LPA Williams observed a visitor and temperature check log, masks, gloves, and disinfection station at the front entrance. Facility has one entry and exit point. Hand sanitizer was readily available to residents and visitors. Social distancing is maintained in the common areas. Hand washing and other various Covid-19 related signs were observed in the common areas.

LPA Williams observed a two day supply of perishable food and seven day supply of non-perishable food. Cleaning supplies were observed behind a locked cabinet. LPA Williams observed the following personal protective equipment in the facility; gowns, gloves, and masks.

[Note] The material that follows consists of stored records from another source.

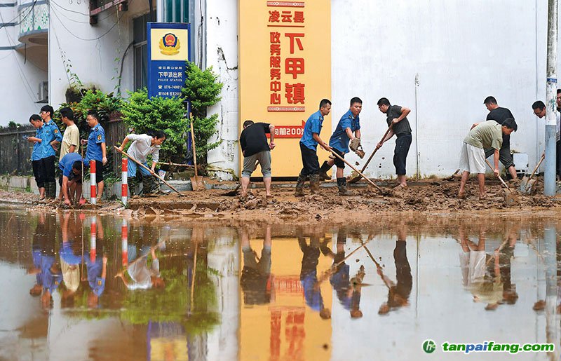 在廣西百色市凌云縣下甲鎮(zhèn),人們在清理道路上的淤泥(2023 年 8 月 24 日攝) 陸波岸攝 / 本刊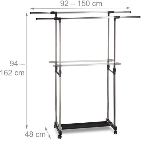 Avec 2 étagères pratiques pour chaussures et sacs Penderie Tissu Relaxdays Porte-manteaux à Roulettes Avec 2 étagères En Métal Et Penderie Roulante Couloir Rangements en non-tissé : penderie à roulettes avec 2 grandes étagères pour chaussures et chapeaux. Mobile grâce à 4 roulettes dont 2 avec freins de stationnement Sans plis : porte-vêtements noir pour suspendre sans plis vestes, chemises, blouses, etc. Mobile : porte-manteaux à 4 roulettes pour un déplacement facile - freins pour un maintien sûr. Relaxdays Portant, porte-manteaux, tringle à vêtements, 5 surfaces de Charge maximale par étagère : environ 10 kg Montage sans outil grâce à un système d'emboîtement simple Portant mobile avec étagères Pour accrocher des chemises, chemisiers, robes, etc. Les articles de décoration ne sont pas inclus dans la livraison Peu encombrant : ce portant compact est parfait pour les petits espaces ou les couloirs étroits. Dimensions (H x l x P) : environ environ 160 x 55 x 42 cm · Charge maximale de la tringle à vêtements : environ environ 15 kg · Charge maximale par étagère Descriptif technique ; RELAXDAYS · Porte-manteau Relaxdays, avec roulettes et 2 étagères, H x L x P : 160 x 55 x 42 cm, métal, tissu non tissé, noir · PENDERIE... La construction tubulaire robuste en fer garantit stabilité et durabilité. Matériau : alliage Fer, non-tissé, plastique , Couleurs assorties Pour couloir, bureau, chambre à coucher et dressing Design peu encombrant idéal pour les petits espaces L'aide pratique offre non seulement de la place pour vos vêtements, mais aussi pour les chaussures et accessoires grâce à 2 étagères solides en non-tissé.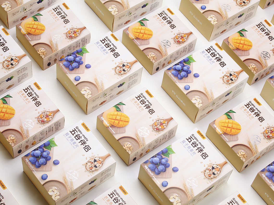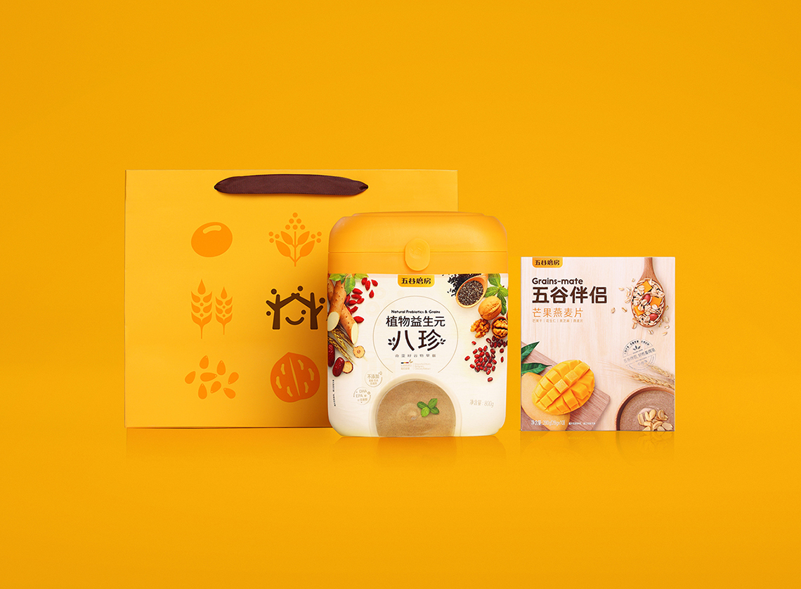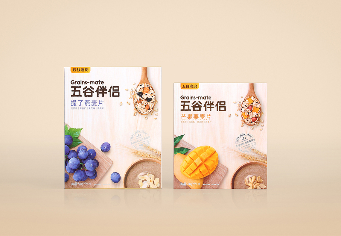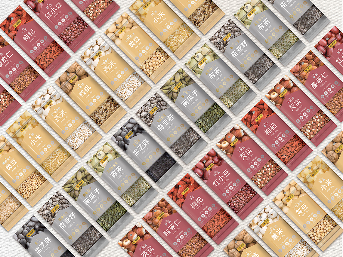 “五谷伴侶”作為搭配食用產(chǎn)品,設(shè)計思路以展現(xiàn)“原料新鮮健康、口感豐富美味”為主,通過增強整個系列的食欲感來提升消費者購買量。在視覺表現(xiàn)上,形成固定的構(gòu)圖屬式,整體包裝風(fēng)格延續(xù)益元八珍清新自然的風(fēng)格。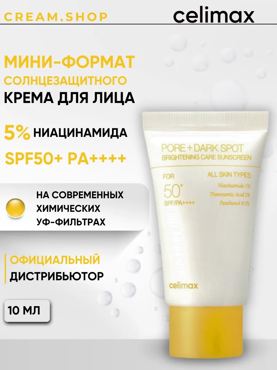 Пробник крема Pore + Dark Spot Brightening Care Sunscreen от Celimax - это отличный шанс познакомиться с продуктом или взять миниатюрный формат в отпуск.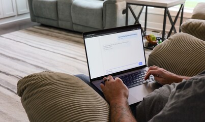 African american male checking web AI chatbot responses for some tasks, working after hours to meet business objectives. Problem solving with futuristic tech and machine learning.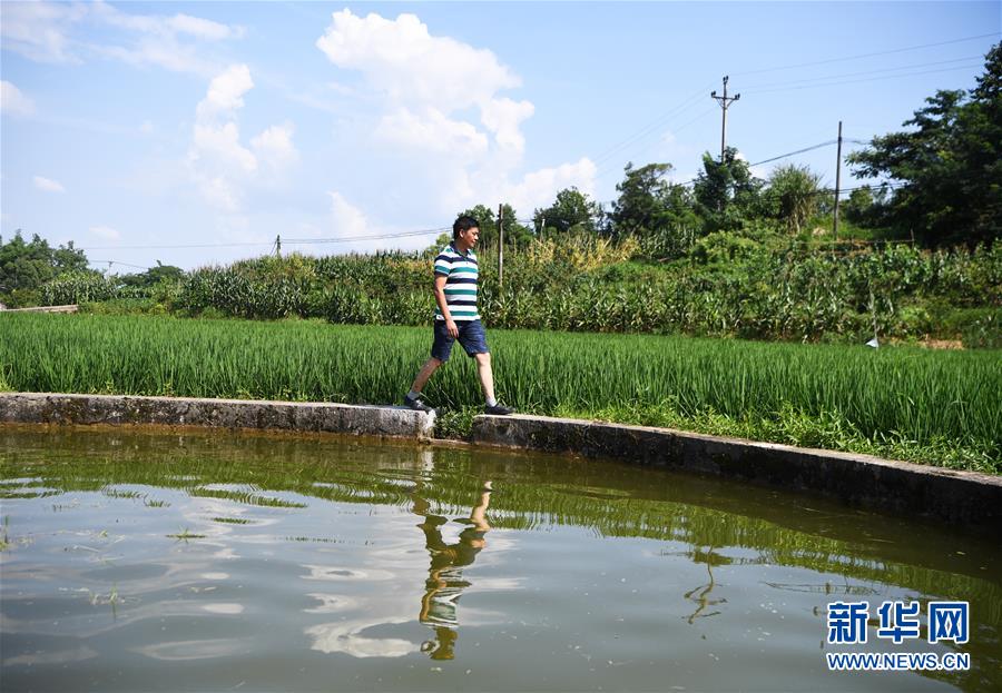 7月2日,周玉高在位于马灌镇果园村的水稻种植基地内巡视。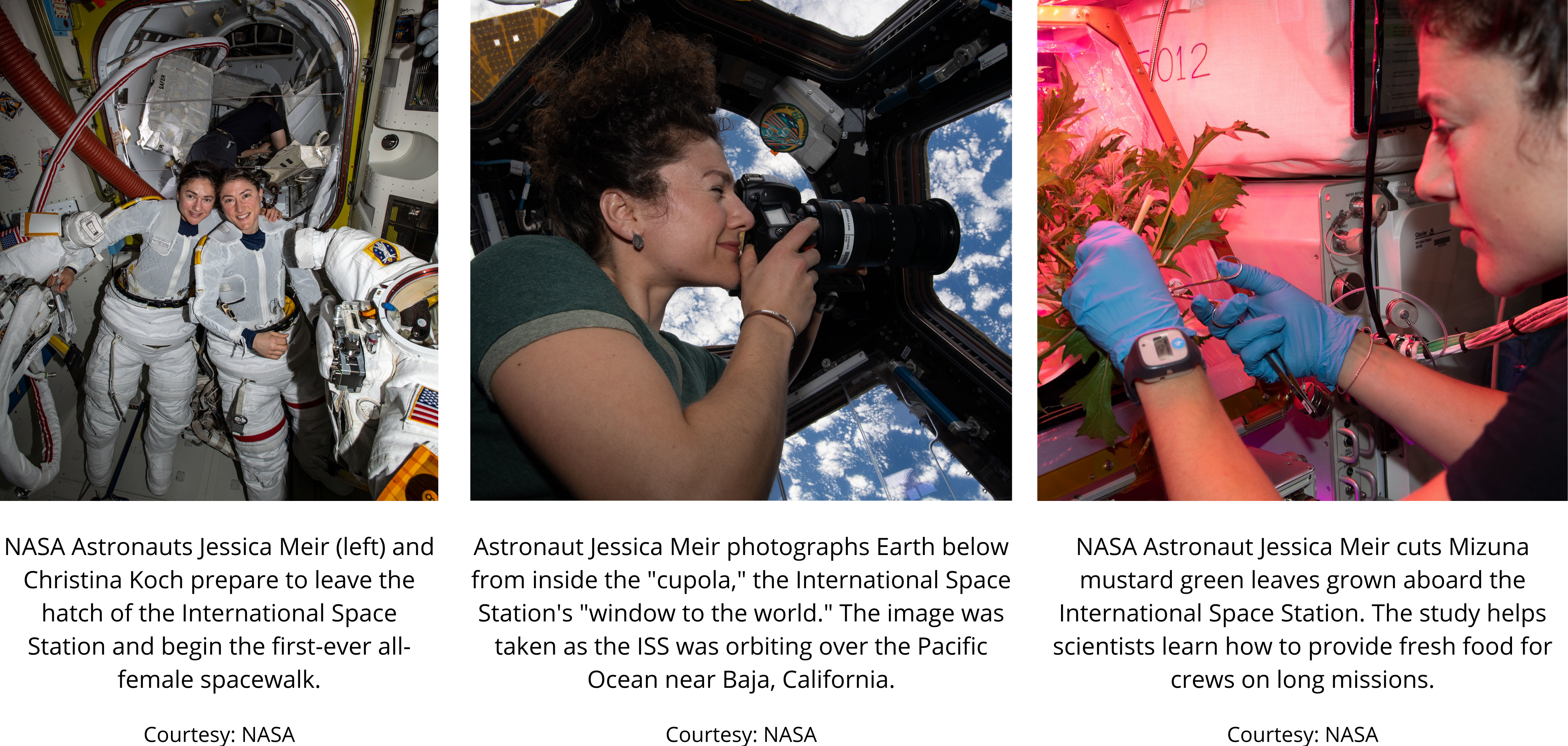 To see more pictures of Jessica Meir on her spacewalks and missions, visit NASA's photo gallery. And to see images of other astronauts in training and performing tasks on other space missions, visit this NASA gallery.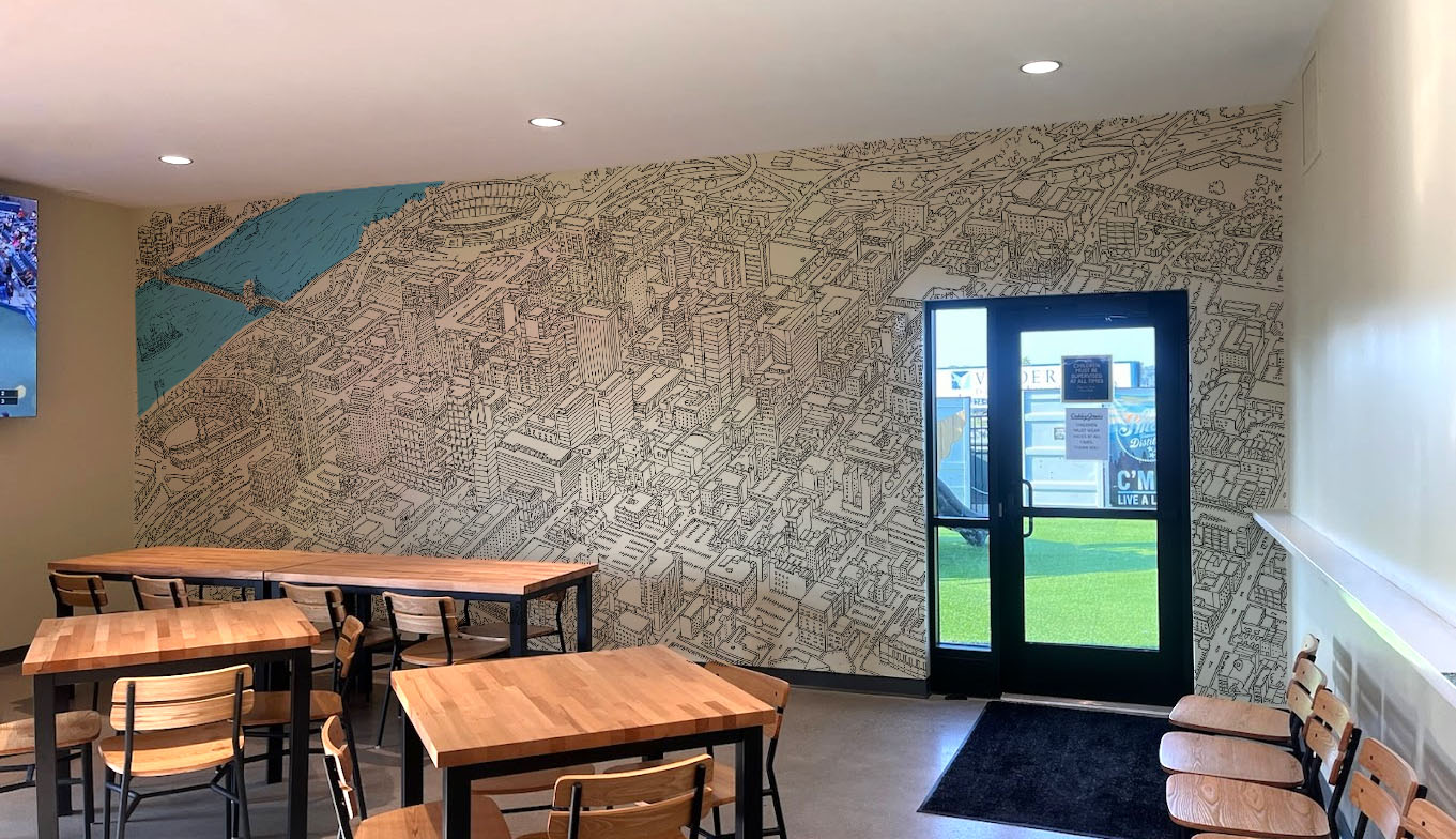 Hand drawn custom Cincinnati map that represents every building from the river to washington park installed in the offices of BIG Media downtown.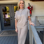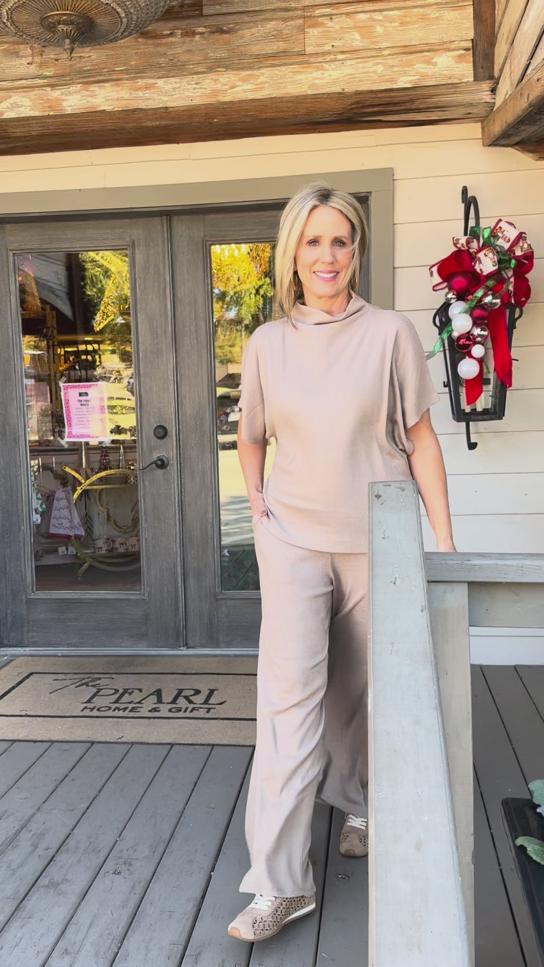 Get ready to feel amazing in this stone soft touch set that pairs a flattering side-ruched top with comfy elastic waist trousers for the ultimate comfort-meets-style combo.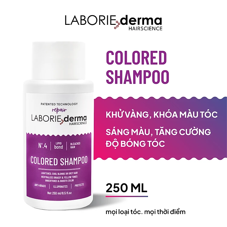 Dầu gội tím giúp làm sáng và đều màu tóc LABORIE derma Colored Shampoo - 250ml
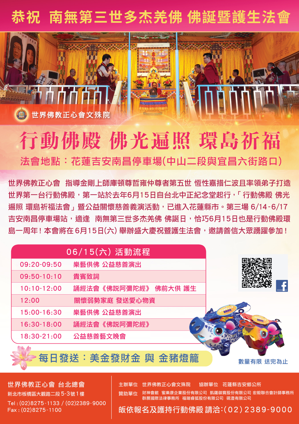 第三場6/14-6/17吉安南昌停車場站,適逢 南無第三世多杰羌佛佛誕日,恰巧6月15日也是行動佛殿環島一周年!本會將在6月15日(六)舉辦盛大慶祝暨護生法會,邀請善信大眾踴躍參加!!

LPA Williams observed staff training records regarding Covid-19 mitigation and infection control. LPA Williams observed all facility staff wearing masks. Resident’s files have updated emergency contact information.

No deficiencies were cited.

Exit interview was conducted with Administrator and a copy of this report was provided.
SUPERVISORS NAME: Serigy Pidgirny
LICENSING EVALUATOR NAME: Darius Williams
LICENSING EVALUATOR SIGNATURE: DATE: 06/30/2021
I acknowledge receipt of this form and understand my licensing appeal rights as explained and received.
FACILITY REPRESENTATIVE SIGNATURE: DATE: 06/30/2021
This report must be available at Child Care and Group Home facilities for public review for 3 years.